[Activity]:
Which lines of the entries below run from the one holding "- Пудра отлично" to the one holding "เหตุเมื่อช่วงเช้าวันที่ 9 ส.ค.", inclusive? Set down exactly those lines and no others.

--- Exercise materials Enclosed Below ---

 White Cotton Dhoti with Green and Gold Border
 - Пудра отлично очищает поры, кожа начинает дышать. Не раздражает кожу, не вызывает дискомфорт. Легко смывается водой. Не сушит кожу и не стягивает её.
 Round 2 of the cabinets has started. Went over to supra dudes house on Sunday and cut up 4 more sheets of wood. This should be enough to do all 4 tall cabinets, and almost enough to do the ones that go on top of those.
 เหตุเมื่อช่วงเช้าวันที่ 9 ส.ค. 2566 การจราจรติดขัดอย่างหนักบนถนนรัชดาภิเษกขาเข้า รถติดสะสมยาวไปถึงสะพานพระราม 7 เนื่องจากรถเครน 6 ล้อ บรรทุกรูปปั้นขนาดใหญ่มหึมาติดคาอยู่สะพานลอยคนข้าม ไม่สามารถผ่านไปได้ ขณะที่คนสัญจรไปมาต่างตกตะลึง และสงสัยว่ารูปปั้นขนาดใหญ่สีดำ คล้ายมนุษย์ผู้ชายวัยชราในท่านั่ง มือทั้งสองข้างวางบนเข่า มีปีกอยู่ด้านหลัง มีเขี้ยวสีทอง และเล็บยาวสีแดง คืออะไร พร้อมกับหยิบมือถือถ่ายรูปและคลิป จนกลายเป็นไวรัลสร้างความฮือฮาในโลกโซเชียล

--- End of Enclosed Exercise materials ---
--- Exercise materials Enclosed Below ---

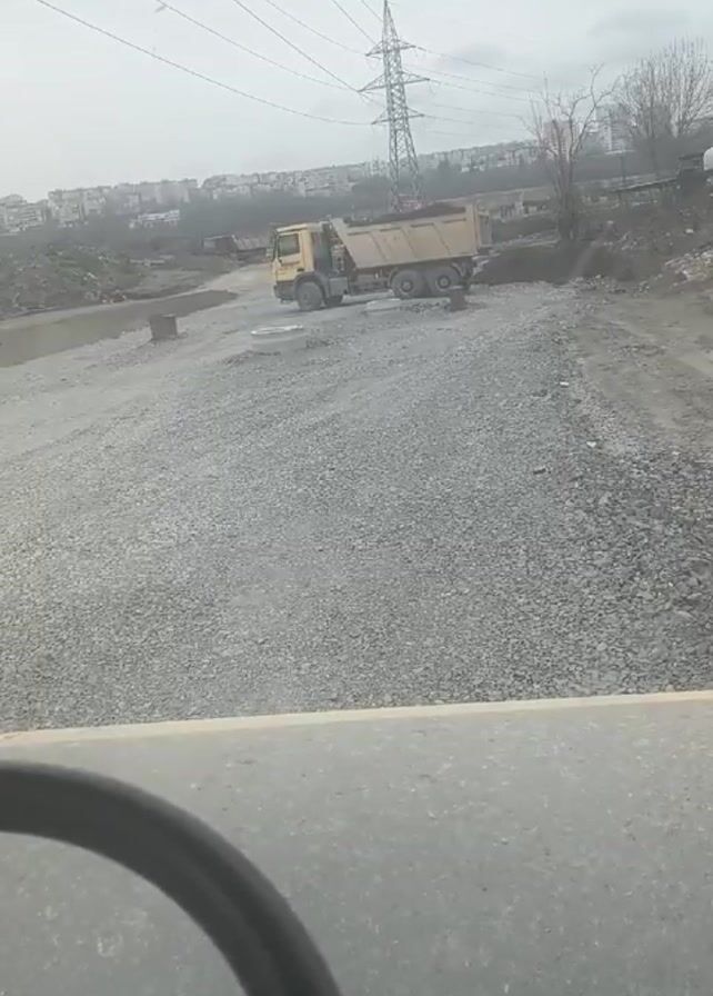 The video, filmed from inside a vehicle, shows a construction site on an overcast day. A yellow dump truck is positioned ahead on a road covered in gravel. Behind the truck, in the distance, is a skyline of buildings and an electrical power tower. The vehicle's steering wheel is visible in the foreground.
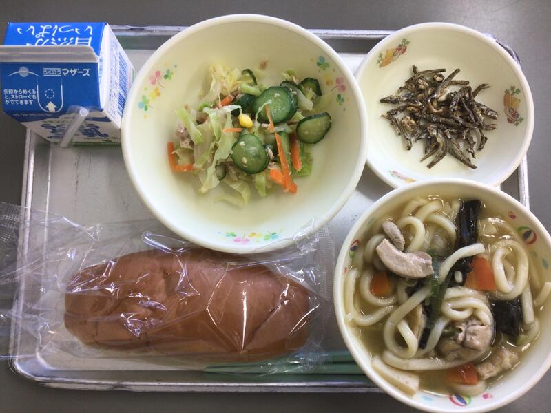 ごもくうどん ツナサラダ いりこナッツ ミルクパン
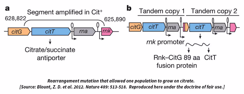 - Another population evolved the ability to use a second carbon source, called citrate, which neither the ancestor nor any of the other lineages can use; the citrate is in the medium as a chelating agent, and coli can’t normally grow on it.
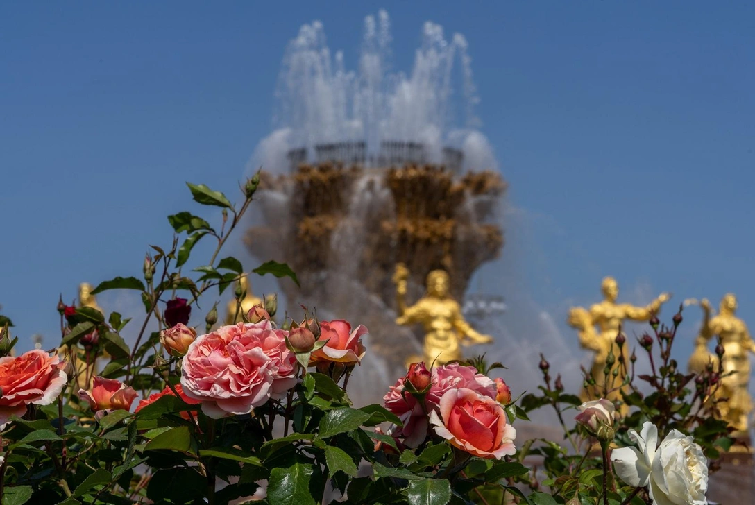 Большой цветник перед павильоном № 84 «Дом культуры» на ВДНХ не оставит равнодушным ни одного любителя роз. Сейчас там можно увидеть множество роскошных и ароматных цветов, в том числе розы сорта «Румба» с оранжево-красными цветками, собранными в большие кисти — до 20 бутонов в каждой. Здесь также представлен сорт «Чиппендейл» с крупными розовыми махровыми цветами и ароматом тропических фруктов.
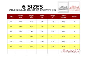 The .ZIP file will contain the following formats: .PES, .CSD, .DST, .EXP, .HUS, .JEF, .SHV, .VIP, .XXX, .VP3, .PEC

--- End of Enclosed Exercise materials ---

[Finished task]:
 - Пудра отлично очищает поры, кожа начинает дышать. Не раздражает кожу, не вызывает дискомфорт. Легко смывается водой. Не сушит кожу и не стягивает её.
 Round 2 of the cabinets has started. Went over to supra dudes house on Sunday and cut up 4 more sheets of wood. This should be enough to do all 4 tall cabinets, and almost enough to do the ones that go on top of those.
 เหตุเมื่อช่วงเช้าวันที่ 9 ส.ค. 2566 การจราจรติดขัดอย่างหนักบนถนนรัชดาภิเษกขาเข้า รถติดสะสมยาวไปถึงสะพานพระราม 7 เนื่องจากรถเครน 6 ล้อ บรรทุกรูปปั้นขนาดใหญ่มหึมาติดคาอยู่สะพานลอยคนข้าม ไม่สามารถผ่านไปได้ ขณะที่คนสัญจรไปมาต่างตกตะลึง และสงสัยว่ารูปปั้นขนาดใหญ่สีดำ คล้ายมนุษย์ผู้ชายวัยชราในท่านั่ง มือทั้งสองข้างวางบนเข่า มีปีกอยู่ด้านหลัง มีเขี้ยวสีทอง และเล็บยาวสีแดง คืออะไร พร้อมกับหยิบมือถือถ่ายรูปและคลิป จนกลายเป็นไวรัลสร้างความฮือฮาในโลกโซเชียล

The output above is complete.